Чёрный атаман. История малоросского Робин Гуда и его леди Марианн

Настройки чтения
Размер шрифта
Высота строк
Поля
На страницу:
3 из 5

Да ведь и об удобстве подумал, любезный кавалер: не оставил без платья, без белья – преподнес и чулки, и атласные панталоны, и все, что даме потребно, было бы на что жаловаться…

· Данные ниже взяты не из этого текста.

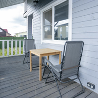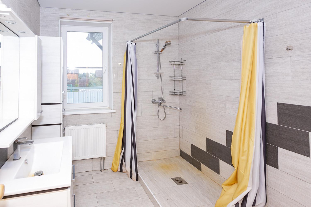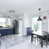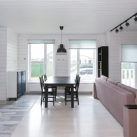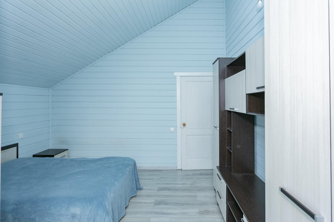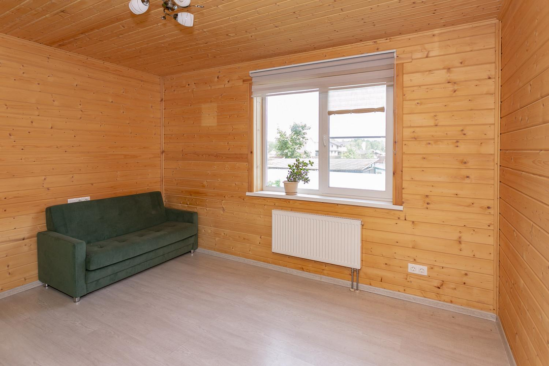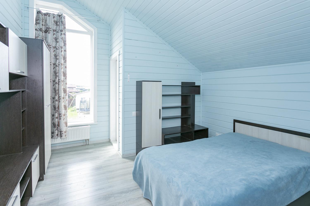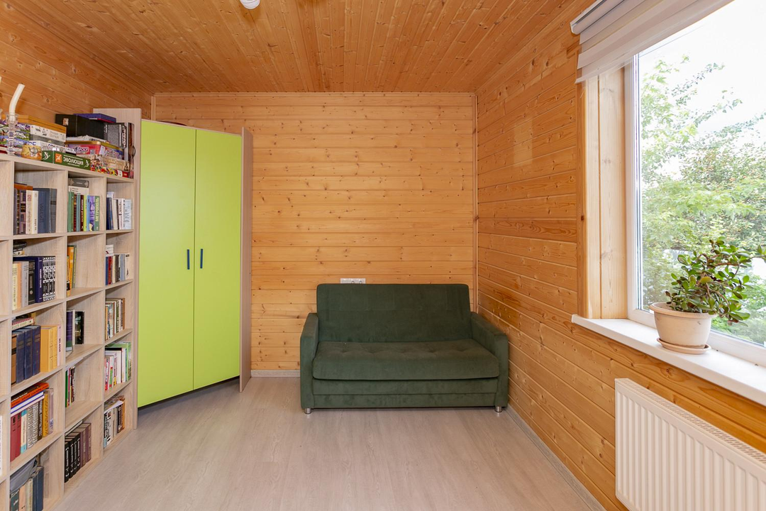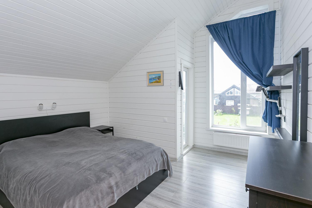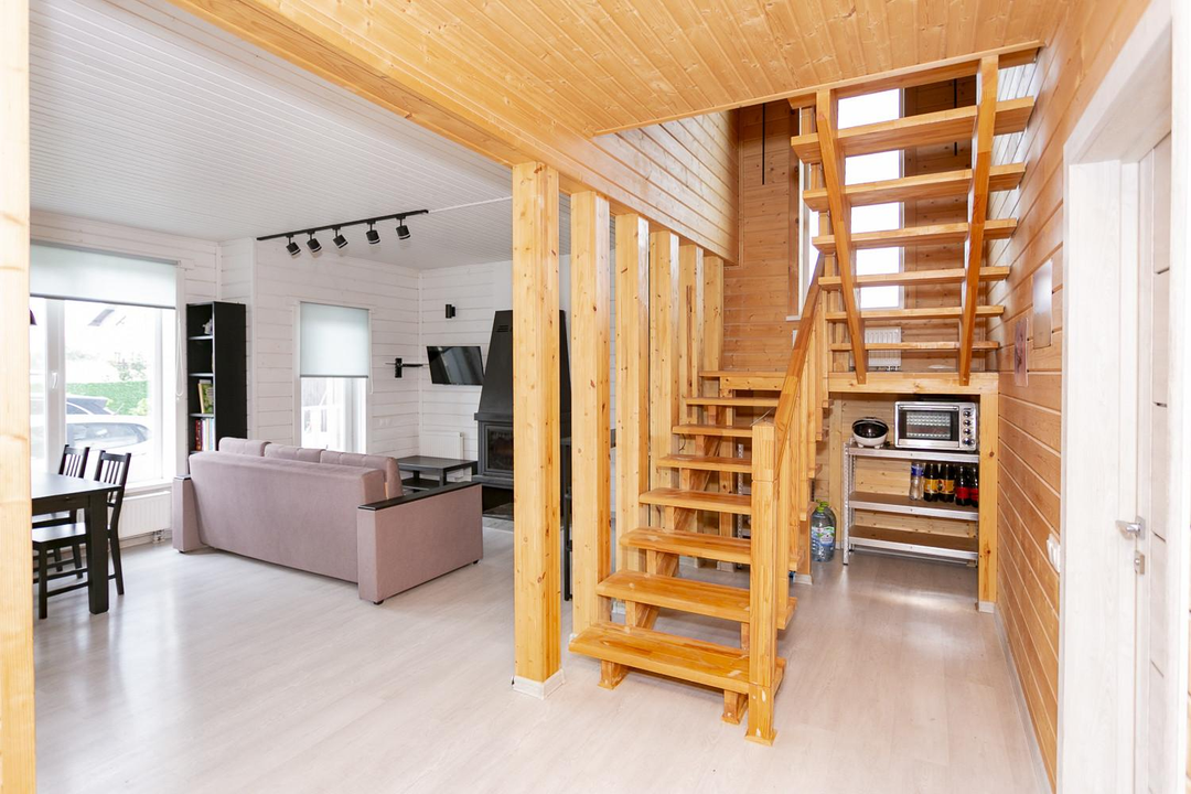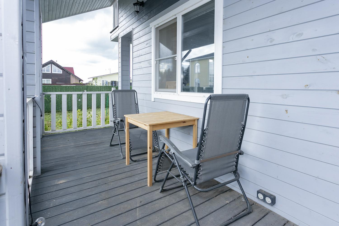 Кухня-гостиная 30 кв.м. с действующим дровяным камином, спальня, котельная (с воодоочисткой), тех.помещение (постирочная, кладовая), прихожая, санузел с душевой кабиной, постирочной и сушильной зоной. Из гостиной есть выход на террасу 21 кв.м.
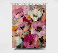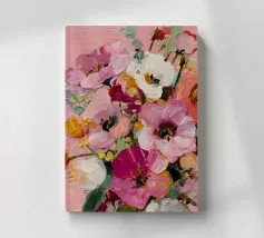 Un dipinto floreale astratto che fonde rosa tenue, oro e avorio con strati espressivi e strutturati. La tavolozza sognante e la pennellata tattile le conferiscono una qualità artigianale: elegante, senza tempo e piena di vita.
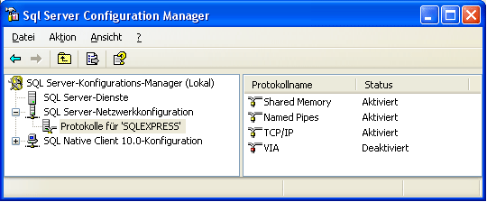 Then click on the "Protocols for SQLEXPRESS" node. Right click on "TCP/IP" in the list of Protocols and choose "enable" for TCP/IP.

Гнев закипал в душе; чтобы не поддаться ему, Саша опустила голову, посмотрела на подол юбки из дорогого добротного сукна – он успел перепачкаться пылью, запылились и новенькие сапожки. Таким бы ступать по булыжной мостовой, по гранитной набережной в Петербурге или в Париже, а не по малороссийскому проселку, ведущему неведомо куда…

***

По улице скакал верховой – прямо им навстречу, не сворачивая, как будто нарочно хотел напугать, заставить метнуться в сторону, под защиту плетней, или еще пуще закашляться от пыли. Так и надо было бы поступить, убежать скорее с дороги, но Саша замешкалась, засмотрелась на всадника: уж очень колоритным он ей показался, прямо как с картины Васнецова или Билибина… На голове – овчинная шапка, похожая на кавказскую папаху, из-под нее вьются роскошные, до плеч, темные кудри; сам одет в гусарский мундир с позументами, на шее висит кинжал, по боку бьет огромная сабля времен войны с турками, и даже конь под ним, породистый рыжий рысак, весь разукрашен лентами и цветами, и еще какими-то побрякушками.

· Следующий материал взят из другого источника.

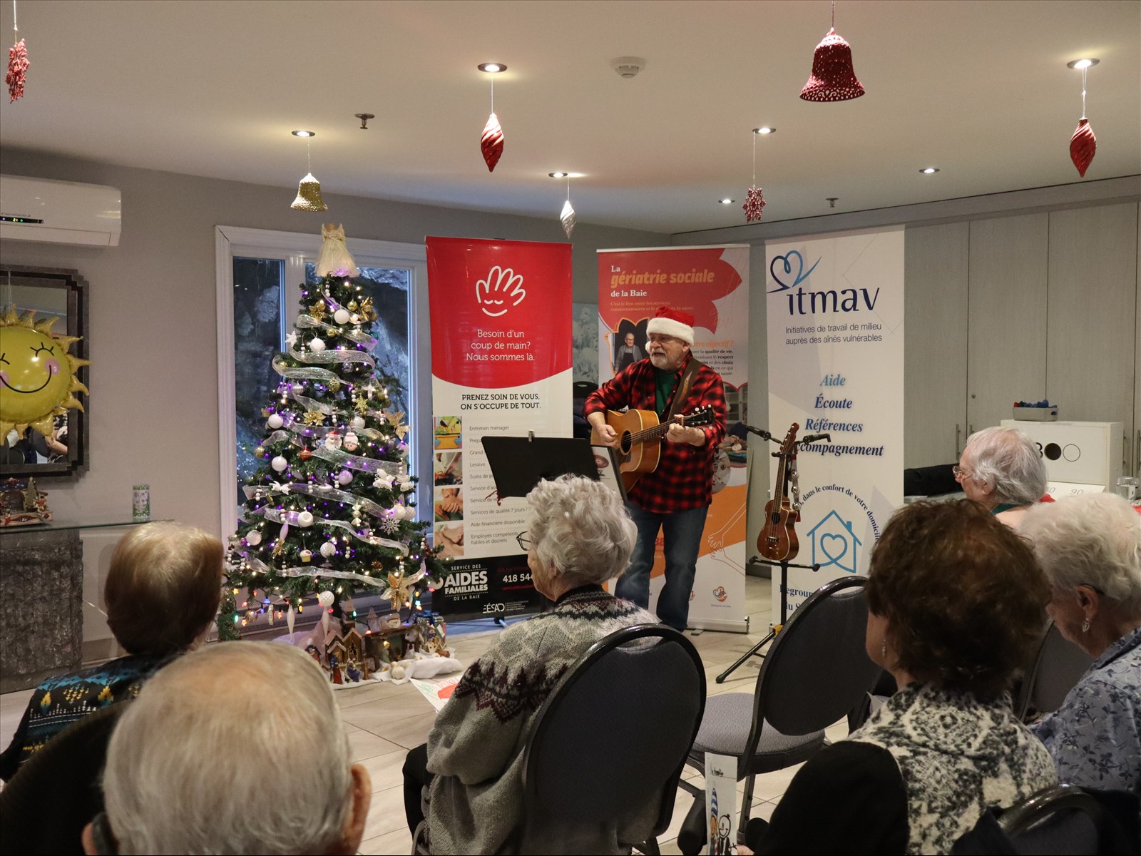 « Les élus de l’arrondissement de La Baie ont voulu penser à nos aînés durant le temps des Fêtes. Souvent, ceux-ci peuvent se retrouver seuls ou isolés à Noël, ce pourquoi on a décidé d’organiser cette série de spectacles », souligne d’abord l’intervenante pour les organismes Initiatives de travail de milieu auprès des aînés, Itmav, Sophie-Maude Tremblay.
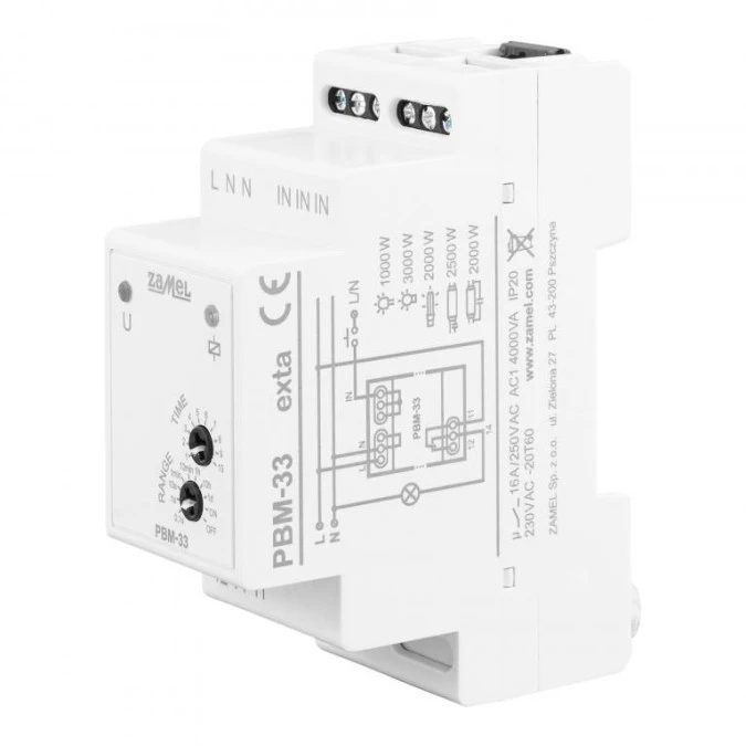 Przekaźnik bistabilny (impulsowy) przełączany w zerze funkcja ograniczenia czasowego 230V AC PBM-33 EXT10000310

Бдительная Дуня оказалась тут как тут, зашипела на ухо:

– Шо остолбенела опять? Рот-то закрой, як бы ворона не залетела!

– Да, да, пойдем…

Всадник, гордо подбоченясь, уж было проехал мимо, но вероятно, то был просто маневр, военная хитрость: стоило женщинам сойти на обочину, как он развернул коня и направил к ним, да так, чтобы отрезать путь к бегству.

– Доброго утречка, товарищи женщины! – он оскалился, свесился с седла в аффектированном, театральном поклоне, снова выпрямился, покрутил головой, давая полюбоваться собой: дескать, вы только гляньте, мадамочки, как я хорош. – Куда путь тримайте? Чи немае часа прогуляться с товарищем Щусем, командиром Революционной повстанческой армии7?

– Бох с тобой, Федос, шо ты озорничаешь! Какие ишшо прогулки посередь дня! – Дуня как видно, отлично знала этого командира, и посматривала на него хоть и с опаской, но задорно, с лукавинкой. – По делу мы йдемо, по делу. В культпросвет.

– Эвона как! – Федос хмыкнул, качнул красивой головой, снова наклонился, вглядываясь в Сашу. – И что же в культпросвете буде робить така распрекрасна кралечка? Кого просвещать? И об чём?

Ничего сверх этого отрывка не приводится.